Which one of the above would you choose if
(a) You will held the mortgage until maturity
(b) You will prepay the mortgage after 5 years
(c) You will prepay the mortgage after 10 years
8. Consider an adjustable rate mortgage of $100,000, no payment cap, no interest rate cap,
2% margin, annual adjustment, annual payments, 3 year maturity, initial index rate:
7%. Suppose we project that the second year index rate is 8.5%, the third year index rate is 10%. What is the APR of this ARM based on the forecasted interest rate?
9. Suppose you took out a mortgage with $100,000, 6% interest rate, 30 year amortizing and 10 year maturity balloon mortgage 5 years ago.
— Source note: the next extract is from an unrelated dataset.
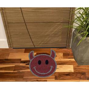 Tapete Capacho Vinil com fibras entrelaçadas e costado emborrachado com arte pinta em tinta vinílica especial.
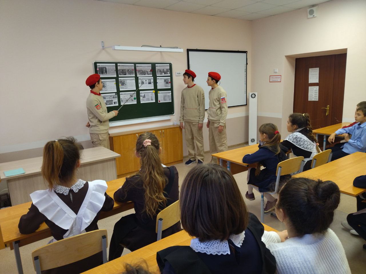 Классный час "Герои нашего времени" провели Юнармейцы для учащихся 5-6 классов. Целью классного часа является пробуждение интереса к изучению отечественной истории культуры , воспитание гражданственности и патриотизма , формирование и конкретизация ПОНЯТИЯ «Родина » , осознание собственного отношения к ней , формирование представления о культурном и историческом единстве российского народа и важности его сохранения . Задачи : 1. Информировать обучающихся о спецоперации Украине , проведения и причинах результатах . 2.Побудить оказать реальную помощь борцам за Новороссию и пострадавшему гражданскому населению .

Initially there were 2 up front points on this mortgage. Now suppose that you can refinance the existing mortgage loan with a new loan of 5 years, with 1 up front point and interest rate 5%. If the transactions cost is $5,000, do you want to refinance now? (Assuming no prepayment option value)
10. Consider a three year interest only mortgage of $1,000,000, the interest rate is 10%. Suppose the hazard rates and conditional loss rates are as follows:
Year Hazard Rate Conditional Loss Rate
1 2% 20%
2 3% 35%
3 3% 40%
a. What are the unconditional default probabilities of year 1, 2 and 3 defaults?
b. What is the yield degradation of year 2 default?
c. What is the expected rate of return on this mortgage?